From battlefield command to digital transformation

“Seven or eight years ago, the military realised the way war is fought was changing,” says Stefan, explaining his posting. “Cyberspace was becoming a key battlefield. Digital data is now an asset, whether to drive better decisions or undermine the enemy, through attacking their systems or using false news to manipulate the narrative and distort their sense of reality. And with data and open-source AI tools now so available, the adoption has accelerated rapidly.”

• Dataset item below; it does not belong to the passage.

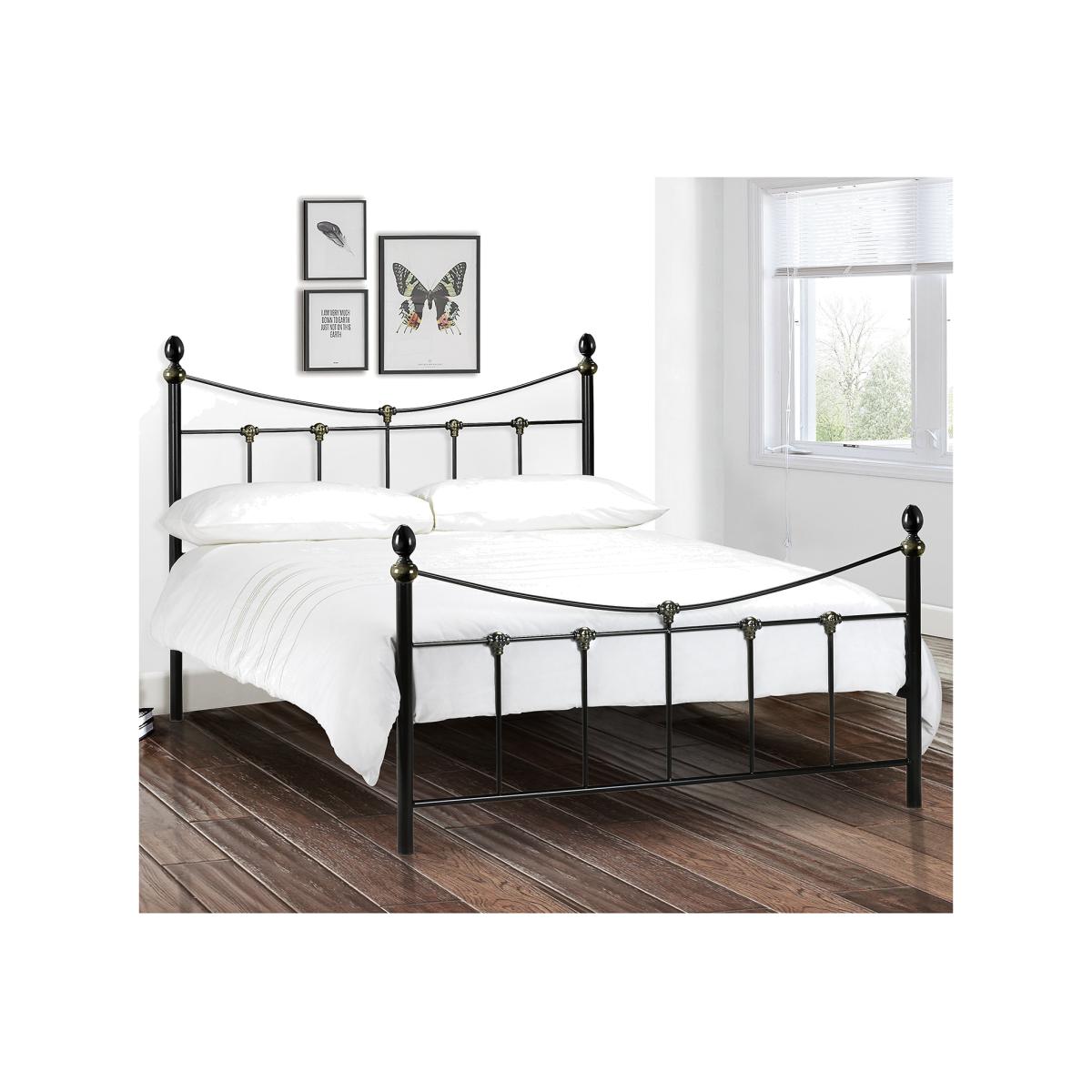 This classically curved Julian Bowen Rebecca Bed features a slatted steel headboard and footboard design finished with small finials on each post. A Victorian frame with a modern twist, this bed also has a sprung slatted base and an area under the bed, so you can easily store away your bedding, extra clothing, shoes and more, in boxes, creating a tidy home.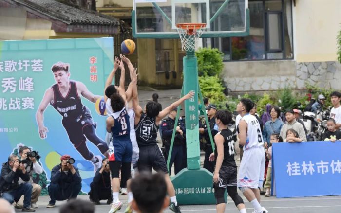 当天上午,壮见篮球•桂林秀峰城际三人制篮球联赛与单挑王挑战赛也在张家村同步启动,热血篮球赛事落地秀峰,联动城市战队、民间高手,广西篮球明星(前CBA队员)助力赛事,为现场观众带来了一场精彩绝伦的篮球盛宴。赛事现场,球员们激烈角逐,挥洒汗水,展现出了高超的球技和顽强的拼搏精神,引得观众们阵阵喝彩。此外,甲山街道首届“三月三”村社气排球赛半决赛、决赛,也于4月17日在中隐小学开赛。

To illustrate his point, Stefan highlights how both parties in the war in Ukraine have opted to leave the mobile phone network at the front line intact, because data is strategically vital. He adds how some nations now train entire battalions of soldiers to fight in cyberspace. And he flags how London’s traffic lights are all run by a single digital platform. 

Acknowledging the complexity and interdependency of modern technology and warfare, Stefan’s superiors took the unusual move of putting him on to an MBA, on a full-time external placement programme. There, he studied technology and innovation. He says it was the hardest he’d ever worked – in part because of the pressure from his brigade commander in Afghanistan to excel, given such an exceptional opportunity. Stefan gained a distinction.

Why management matters as much as leadership

The other facet of Stefan’s learning journey was management. He explains how, due to the nature of its role, the Army’s officer training tends to focus on leadership. Management often comes second.

Around the year 2000, Stefan found himself in a meeting room near London’s Savoy Hotel, facing another tough adversary: an unnamed figure from the Ministry of Defence (MOD), who was there to help assess his competency for Chartered Manager status. CMI was about to start accrediting the military’s senior non-commissioned officer courses and Stefan was a willing guinea pig.